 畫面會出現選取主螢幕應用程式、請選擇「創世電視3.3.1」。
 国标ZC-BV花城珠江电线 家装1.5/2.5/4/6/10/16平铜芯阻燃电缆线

· · · · ·

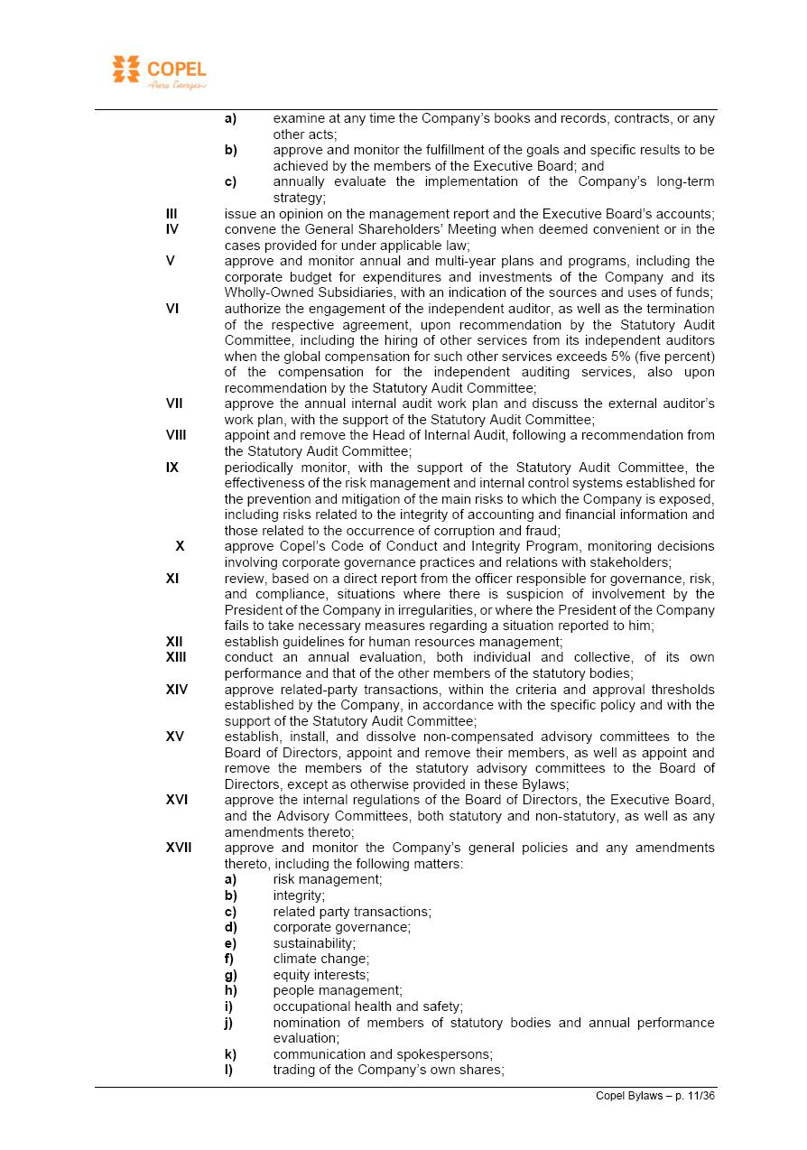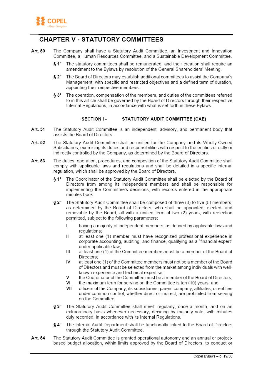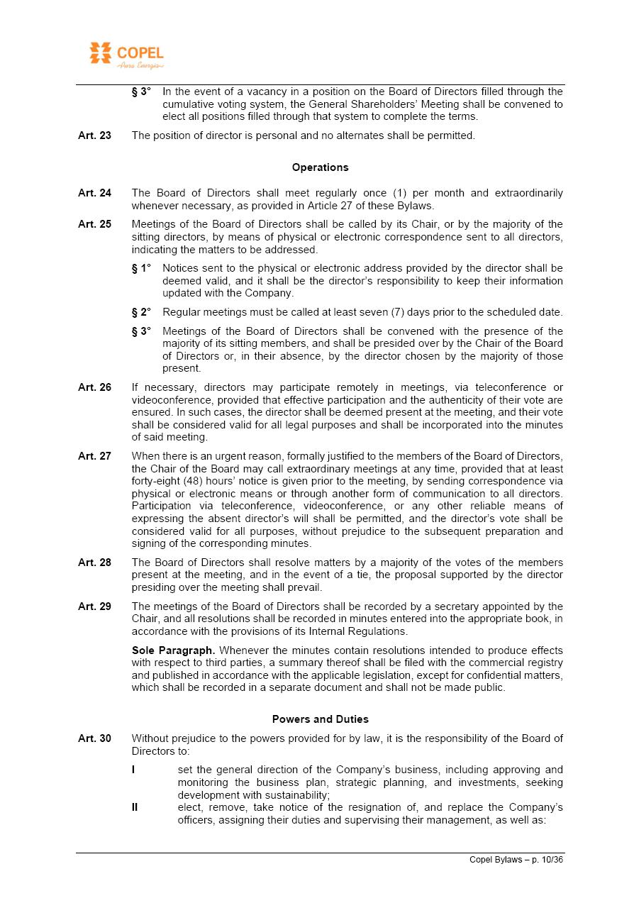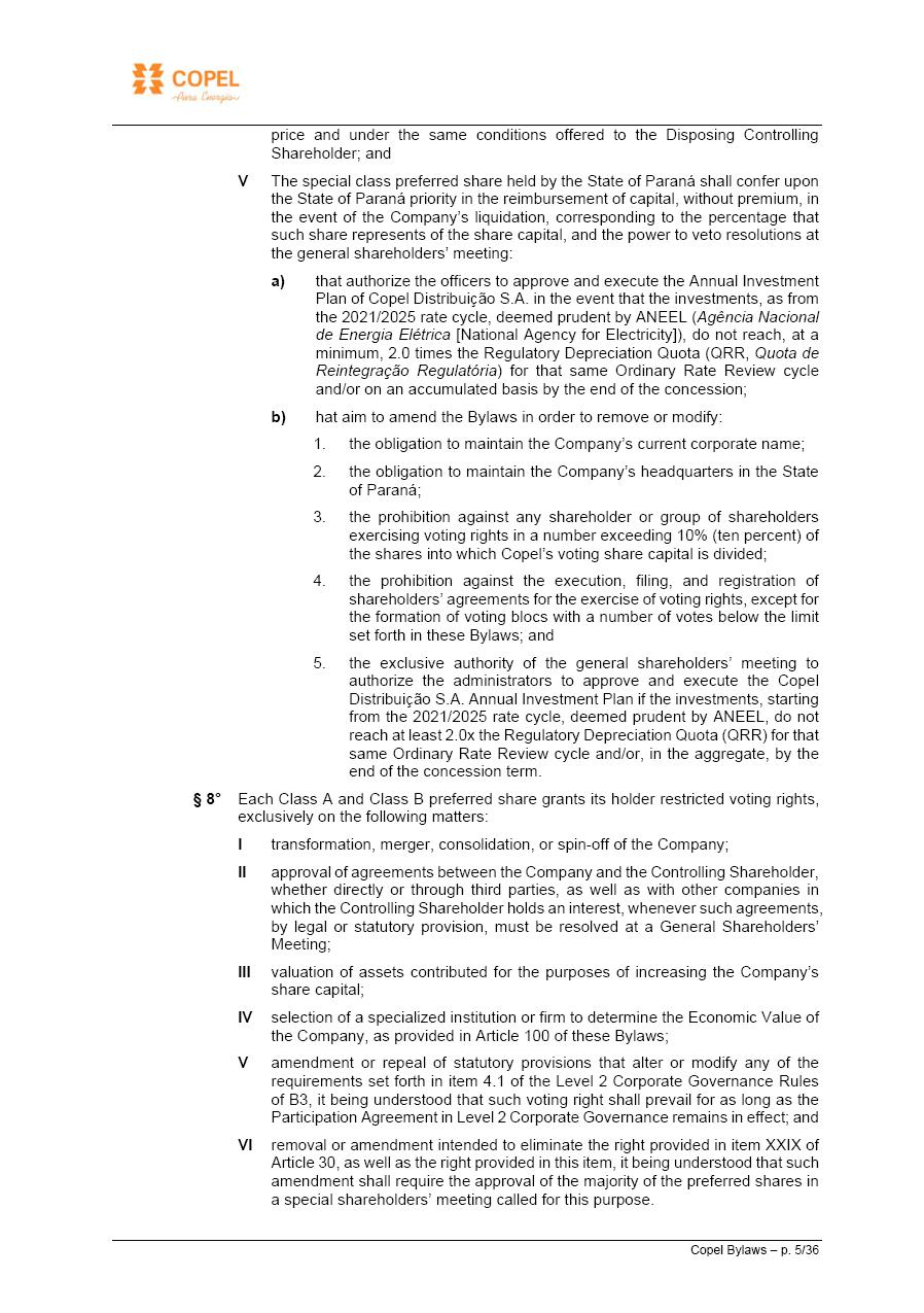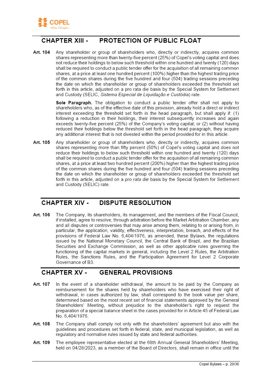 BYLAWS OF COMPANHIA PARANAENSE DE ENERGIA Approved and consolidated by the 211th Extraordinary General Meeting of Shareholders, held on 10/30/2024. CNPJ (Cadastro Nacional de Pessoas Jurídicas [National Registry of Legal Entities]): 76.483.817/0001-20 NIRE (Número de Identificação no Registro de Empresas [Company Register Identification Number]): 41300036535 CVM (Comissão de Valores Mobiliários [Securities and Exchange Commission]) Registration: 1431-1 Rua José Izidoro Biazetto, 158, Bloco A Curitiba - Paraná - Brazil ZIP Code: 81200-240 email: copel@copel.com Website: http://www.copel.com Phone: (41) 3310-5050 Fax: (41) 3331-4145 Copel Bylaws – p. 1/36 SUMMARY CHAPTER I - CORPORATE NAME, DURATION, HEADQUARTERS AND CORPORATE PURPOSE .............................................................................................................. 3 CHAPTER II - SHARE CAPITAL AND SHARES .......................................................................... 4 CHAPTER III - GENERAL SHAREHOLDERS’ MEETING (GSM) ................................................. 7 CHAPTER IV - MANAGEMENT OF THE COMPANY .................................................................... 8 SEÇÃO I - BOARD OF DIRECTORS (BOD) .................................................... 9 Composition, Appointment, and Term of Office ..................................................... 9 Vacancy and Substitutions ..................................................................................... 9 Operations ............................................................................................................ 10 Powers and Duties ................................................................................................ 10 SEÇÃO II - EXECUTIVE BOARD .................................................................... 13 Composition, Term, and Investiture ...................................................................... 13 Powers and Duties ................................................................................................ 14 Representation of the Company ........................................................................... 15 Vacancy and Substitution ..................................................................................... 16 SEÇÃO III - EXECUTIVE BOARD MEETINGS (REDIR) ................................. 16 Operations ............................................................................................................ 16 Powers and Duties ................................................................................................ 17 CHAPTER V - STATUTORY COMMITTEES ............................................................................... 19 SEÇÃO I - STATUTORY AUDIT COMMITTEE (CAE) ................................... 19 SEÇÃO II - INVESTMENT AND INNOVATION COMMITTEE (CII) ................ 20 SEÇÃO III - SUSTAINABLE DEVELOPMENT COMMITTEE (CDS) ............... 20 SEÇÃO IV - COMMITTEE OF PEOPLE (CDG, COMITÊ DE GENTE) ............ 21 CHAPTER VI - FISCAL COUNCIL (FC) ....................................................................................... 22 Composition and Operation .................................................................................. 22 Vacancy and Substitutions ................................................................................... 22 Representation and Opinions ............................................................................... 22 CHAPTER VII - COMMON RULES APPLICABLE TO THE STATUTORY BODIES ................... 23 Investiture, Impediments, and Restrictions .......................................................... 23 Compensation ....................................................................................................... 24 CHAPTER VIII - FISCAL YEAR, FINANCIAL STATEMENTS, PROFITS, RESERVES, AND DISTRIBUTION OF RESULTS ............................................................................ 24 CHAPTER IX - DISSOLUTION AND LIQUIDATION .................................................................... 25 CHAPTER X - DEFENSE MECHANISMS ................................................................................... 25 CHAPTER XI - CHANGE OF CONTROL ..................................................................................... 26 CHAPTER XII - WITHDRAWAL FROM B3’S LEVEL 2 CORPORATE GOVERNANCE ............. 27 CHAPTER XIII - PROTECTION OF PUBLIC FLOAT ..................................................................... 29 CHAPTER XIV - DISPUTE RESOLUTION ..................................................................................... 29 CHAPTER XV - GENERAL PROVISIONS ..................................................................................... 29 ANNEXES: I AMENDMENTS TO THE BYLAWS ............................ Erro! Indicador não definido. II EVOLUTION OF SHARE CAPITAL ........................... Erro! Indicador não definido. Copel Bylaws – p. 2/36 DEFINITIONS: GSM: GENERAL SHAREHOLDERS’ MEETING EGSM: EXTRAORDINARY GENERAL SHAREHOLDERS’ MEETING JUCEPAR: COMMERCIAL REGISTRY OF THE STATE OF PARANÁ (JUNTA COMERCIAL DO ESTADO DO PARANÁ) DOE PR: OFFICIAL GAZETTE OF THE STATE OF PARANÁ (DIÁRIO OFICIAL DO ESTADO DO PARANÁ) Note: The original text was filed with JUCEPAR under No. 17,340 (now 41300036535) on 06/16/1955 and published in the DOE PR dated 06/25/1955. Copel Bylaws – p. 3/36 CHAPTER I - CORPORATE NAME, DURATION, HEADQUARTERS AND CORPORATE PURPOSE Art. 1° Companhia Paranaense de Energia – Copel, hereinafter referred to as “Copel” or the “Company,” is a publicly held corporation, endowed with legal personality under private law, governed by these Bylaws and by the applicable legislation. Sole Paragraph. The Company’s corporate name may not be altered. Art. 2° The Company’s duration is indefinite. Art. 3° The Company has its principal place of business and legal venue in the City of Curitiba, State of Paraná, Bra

· · · · ·

Your task is to restate, word for word, only those lines above that fall between the line holding "畫面會出現選取主螢幕應用程式、請選擇「創世電視3.3.1」。" and the line holding "国标ZC-BV花城珠江电线 家装1.5/", inclusive.

TASK OUTPUT |
 畫面會出現選取主螢幕應用程式、請選擇「創世電視3.3.1」。
 国标ZC-BV花城珠江电线 家装1.5/2.5/4/6/10/16平铜芯阻燃电缆线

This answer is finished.